Collected material

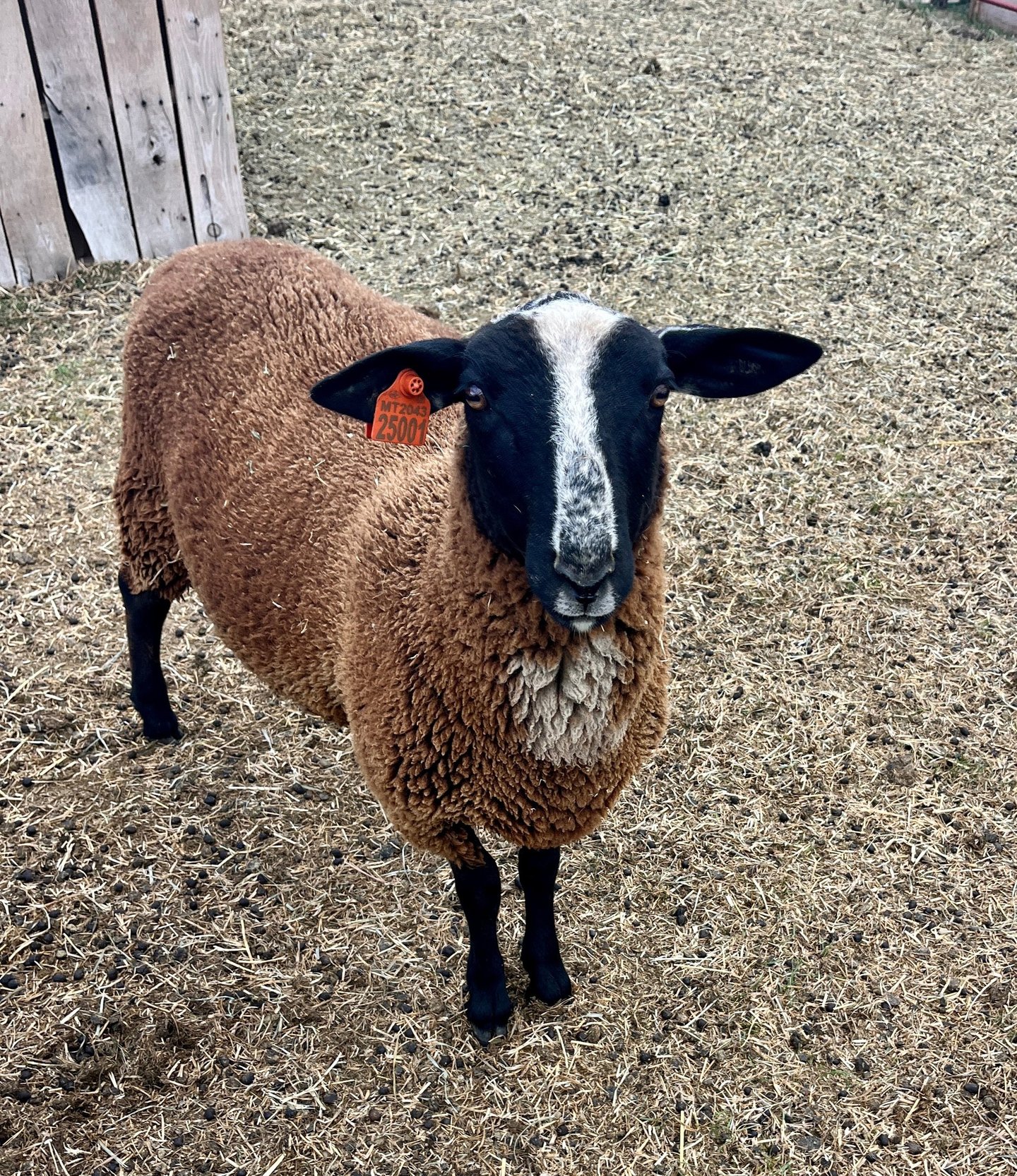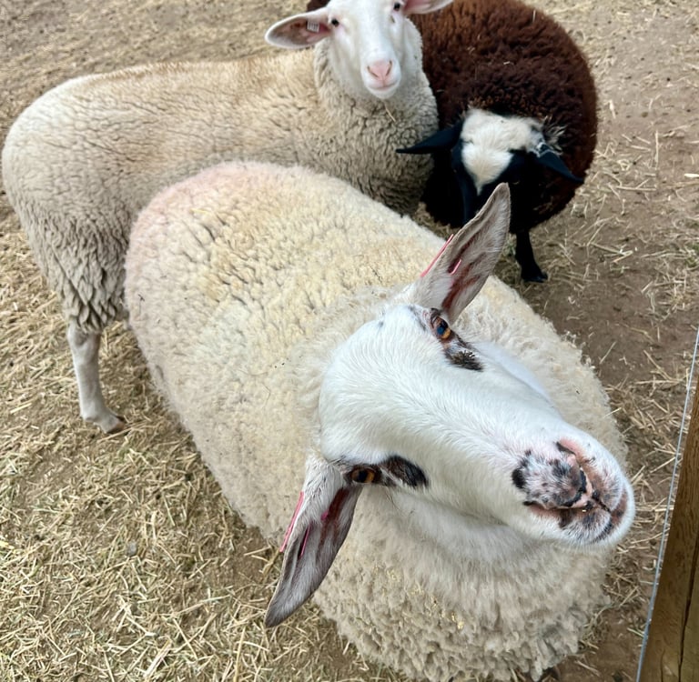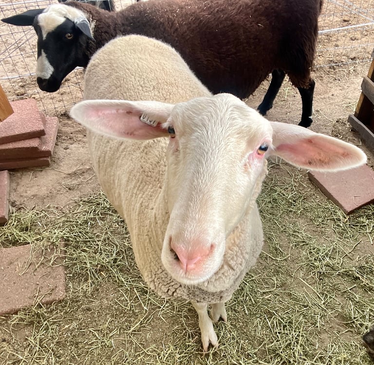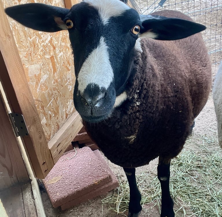 Rosie was born in April 2024 in Colorado. She is a 66% East Friesian, 20% Lacaune, 14% Polypay dairy ewe who we also decided not to breed her first year to give us time to learn. Rosie is very personable, curious and sweet and will surely be a fantastic mama next spring.
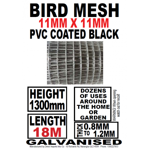 Tags: Bird Mesh – High END Black & PVC Coated - 18mx1.3m 11x11mm Holes - PICK UP
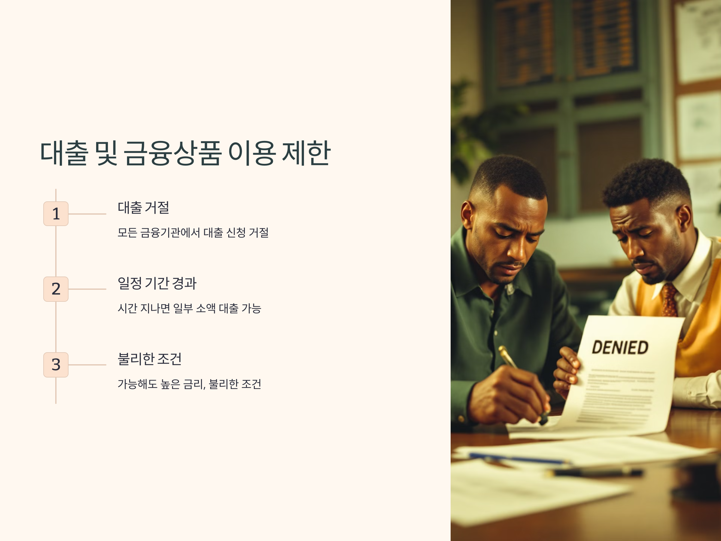 파산 후에는 대출을 받거나 금융상품을 이용하는 데에도 제한이 생깁니다. 은행과 같은 금융기관은 파산 기록을 바탕으로 대출 신청자의 신용을 평가하므로, 파산 신청자가 대출을 신청할 경우 거의 모든 금융기관에서 대출을 거절합니다. 만약 대출이 필요하다면, 개인파산 이후 일정 기간이 지나야만 대출이 가능해지며, 그마저도 금리가 높거나 조건이 불리할 수 있습니다.

Task prompt
Each line above should be written out again unchanged; no images are to be carried over.

Task solution
 Rosie was born in April 2024 in Colorado. She is a 66% East Friesian, 20% Lacaune, 14% Polypay dairy ewe who we also decided not to breed her first year to give us time to learn. Rosie is very personable, curious and sweet and will surely be a fantastic mama next spring.
 Tags: Bird Mesh – High END Black & PVC Coated - 18mx1.3m 11x11mm Holes - PICK UP
 파산 후에는 대출을 받거나 금융상품을 이용하는 데에도 제한이 생깁니다. 은행과 같은 금융기관은 파산 기록을 바탕으로 대출 신청자의 신용을 평가하므로, 파산 신청자가 대출을 신청할 경우 거의 모든 금융기관에서 대출을 거절합니다. 만약 대출이 필요하다면, 개인파산 이후 일정 기간이 지나야만 대출이 가능해지며, 그마저도 금리가 높거나 조건이 불리할 수 있습니다.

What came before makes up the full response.